Представьте, мой земляк цинично хохочет и говорит,
Земляку я сразу же ответил со слезами на глазах, что из родного ВПК меня вынесут только вперед мысками шевровых моих штиблет, начищенных в последний раз парадным гуталином…
Одним словом, собрал я свою половину в вояж. Проводил, напоследок шепнув на ухо, что если вздумает свалить, то мы поднимем на ноги всех наших суперкротов в ЦРУ, Пентагоне и в Белом доме, но отыщем тварь такую даже под землей, транспортируем под общим наркозом на Родину, и вот тогда я сам своею рукою врублю в нашем спецкрематории для предателей рубильник возмездия, поставлю электрификацию всей страны на медленный режим и полюбуюсь, как от ее жирной дебелости останется на противне лишь более чем жалкая шкварка посреди анонимной горки пепла. Убедил. Как видите, якобы пострадавшая не свалила. Хотя, откровенно говоря, чем больше будет оставаться на Западе всякого недоброкачественного человеческого фактора, тем чище все мы будем демографически и, конечно же, порнографически. То есть нравы и порядки у нас, хотя бы в одной только Москве, станут как в Сингапуре. Обосс… то есть обмочишь под балдой или в трезвом виде не свой автомобиль – годовая зарплата. Черканешь на стенке лифта, когда он застрянет промеж этажей, слова от трех до пяти букв – безапелляционно отрубать руки к чертовой бабушке. Плевок на улице – грязной метлой по морде. Залезли в карман – расстрел на месте без права, понимаете, переписки с Президентом и ООН. Супружеская измена – лишать половой энергии минимум на три года оперативным путем либо насильственно вшивать в пах соответствующую торпеду. За рэкет – вообще вздергивать на фонарях, потому что они и так не горят по ночам. Но это все пока что только очередная наша общественная утопия. Извините за вынужденное удлинение моего последнего слова.

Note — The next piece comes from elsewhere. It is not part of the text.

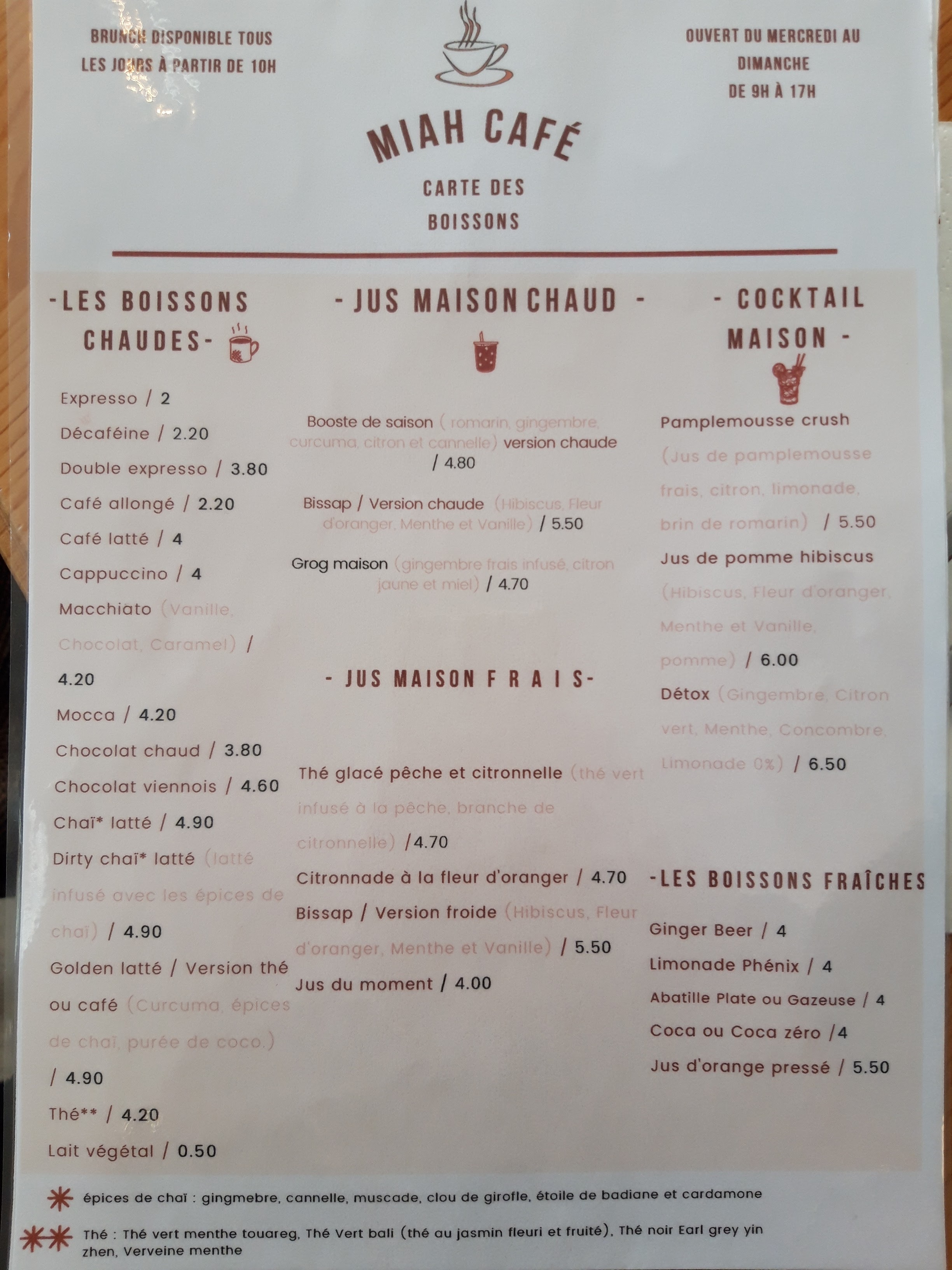Chez Miah Café, on vous précompose des brunchs à 24€ avec plat salé + plat sucré (3 choix sucrés), boisson chaude et boisson fraîches 🥞 En +, ils proposent de la variété dans les choix de brunchs: le végétarien, le végétalien et le carnivore. Si vous voulez changer quoi que ce soit, ce sera en supplément ! Vous n’y trouverez pas tous les basics d’un brunch (par ex du bacon) mais l’originalité de leurs recettes en vaut le détour 😉 La cuisine est bonne, les produits frais, les plats savoureux, les recettes recherchées, le service très rapide et les serveuses sont aimables comme tout, on y a passé un très bon moment entre copines en y restant 2h30 un dimanche fin de matinée☺️ Venez en profiter car c’est une adresse à tester et vous ne serez pas déçus 😊
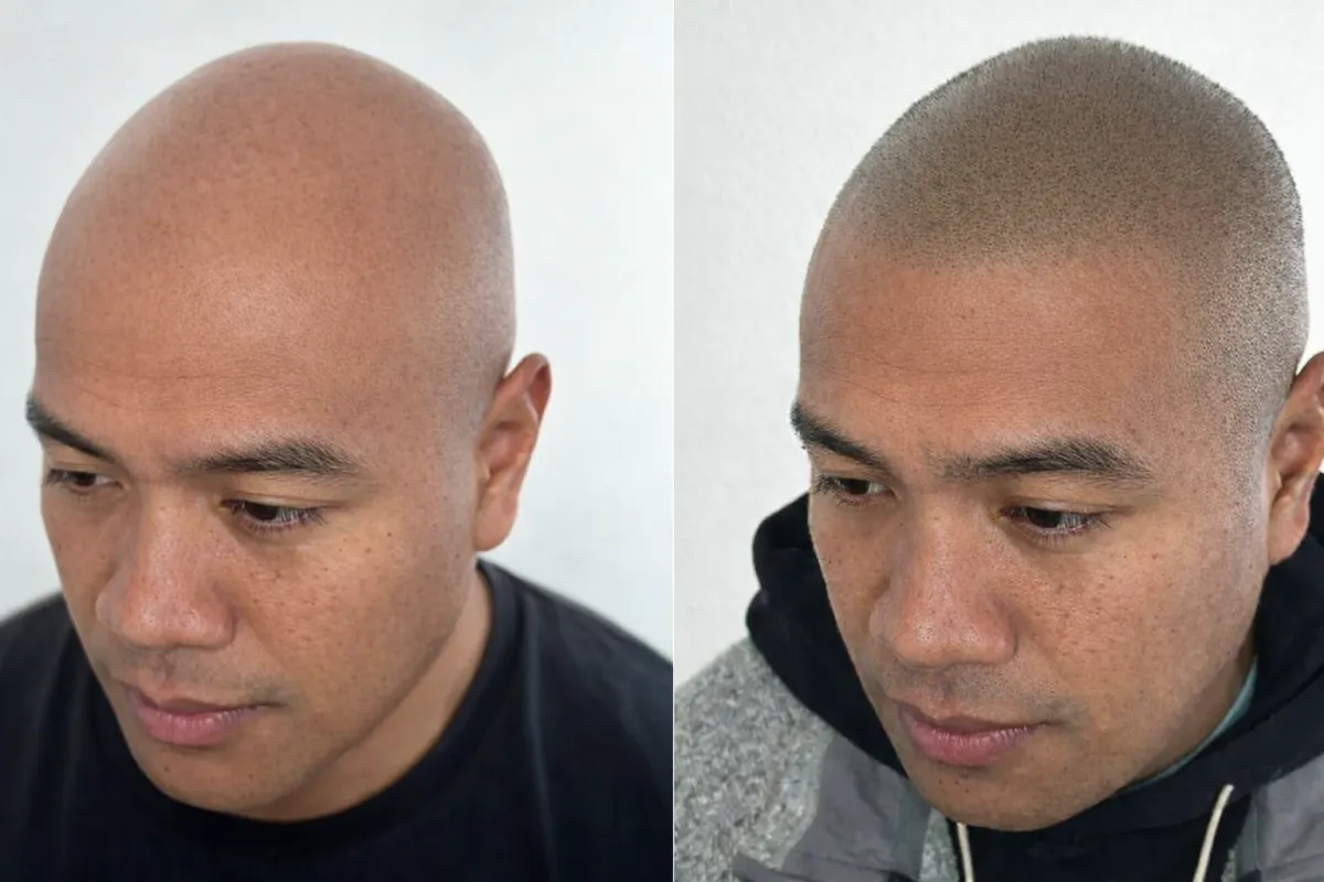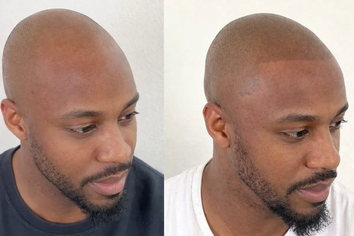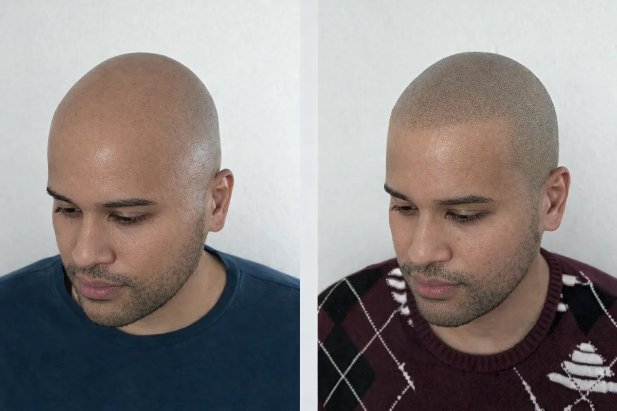 Simulación realista del antes y después, basada en tus propias fotos, para que visualices cómo lucirías con Micropigmentación Capilar antes de iniciar el tratamiento.

Лучше бы, повторяю, якобы пострадавшая не возвращалась. Вы себе представляете, с Запада возвратился совсем другой человек!
В первую же ночь я даже на совместном ложе не узнаю простого и скромного товарища по общей нашей незамысловатой игре в былую влюбленность.
Что такое? Что происходит? Да куда же, думаю, в конце концов, катится моя родная сверхдержава?… Перехожу к конкретным событиям, трагически перешедшим однажды в наше семейное происшествие.
Вынужденно прошу господ судью, присяжных и девиц стенографии приготовиться к порнографии той памятной неформаломеевской ночи. Вот какие были у гражданки, некогда разделявшей со мной тахту и прочие брачные ложа, не только речи, но и целые тезисы. Во-первых, нескрываемая радость до самого утра, оттого что на постельные пространства нашей сверхдержавы надвигается девятый вал сексуальной революции с перековкой мечей, простите за выражение, на оральность, чему, говорит, надо поучиться моему сверхзакрытому предприятию и всему ВПК. Я с ходу впадаю в стресс, вслух декларируя ненависть к Белому дому Америки.